Representatives from Blue Star, hit by the economic downturn and cut-throat competition on both sides of the Tasman, are reportedly in serious talks with its bankers, including BNZ, Commonwealth Bank of Australia and Bank of Scotland.
According to the Australian Financial Review, one of the options being considered is the appointment of an administrator.
That would be bad news for any retail bondholders still hoping to see their capital again.
Calls to Blue Star were not returned on Friday, but Shareholders Association chairman John Hawkins said the bottom line was that when bondholders voted in favour of a debt restructuring arrangement last August, they did so "in the hope some miracle might occur" for the heavily indebted group.
"Given there has been no uplift in the general economy, in fact it continues in steady decline, confirms the opinion we had that the company was unlikely to be able to trade out of its situation."

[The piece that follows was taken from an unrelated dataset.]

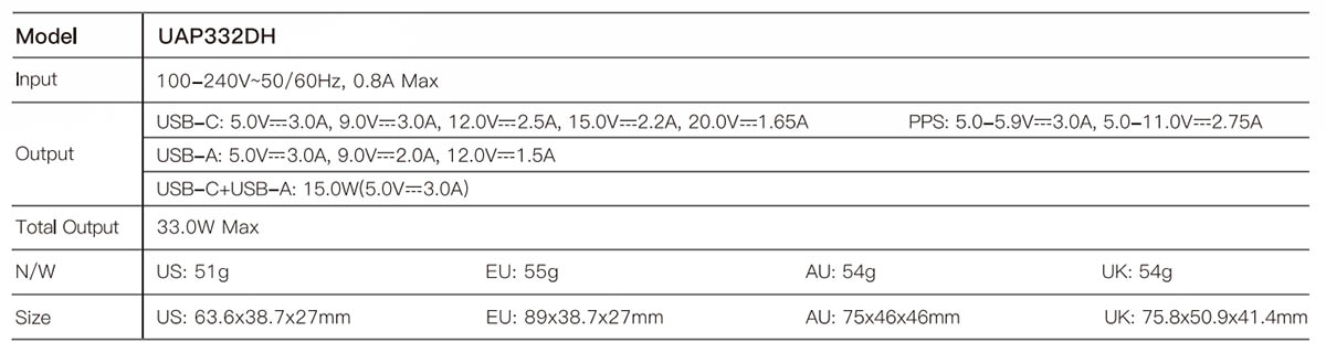 UAP332DH / UAP331DH 33W Wall Charger 33W PO fast chargerDual output portsCompact designIdeal for iPhone & iPad

Just under a year ago Blue Star bondholders, under threat of such a complete loss, voted in favour of a complex deal to refinance Blue Star's senior debts and to extend debt maturities to 2015.
Bondholders forgave $32.3 million in unpaid interest accrued between August 2009, when interest payments were suspended, and August 2011. They also converted two-thirds ($67.5m principal value) of their $105m in $1 bonds into "amended capital bonds" at 64c. They were to begin paying interest, at 9.1 per cent, from next July.
The other third was converted into limited recourse, subordinated "participating bonds" with an aggregate principal value of $37.5m.
For their part, lenders committed to extend the maturity date for senior debt to 2015, to improve financial covenant "headroom" and provide additional capital among other measures.
At the time Hawkins warned the deal could allow the bankers to sell off Blue Star's assets if the company did not meet minimum covenant earnings and ratio levels.
The company's latest moratorium report, for the three months ended March 31, said it continues to experience difficult trading conditions and expects these to continue for the rest of the financial year.
"As at 31 March 2012, Blue Star Group was compliant with the periodic financial ratio covenants under the senior facility," it reported.
The ratio levels allow for some adverse trading by incorporating an allowance of around 15 per cent headroom between the financial performance required for covenant compliance and Blue Star's financial forecasts and long-term financial targets.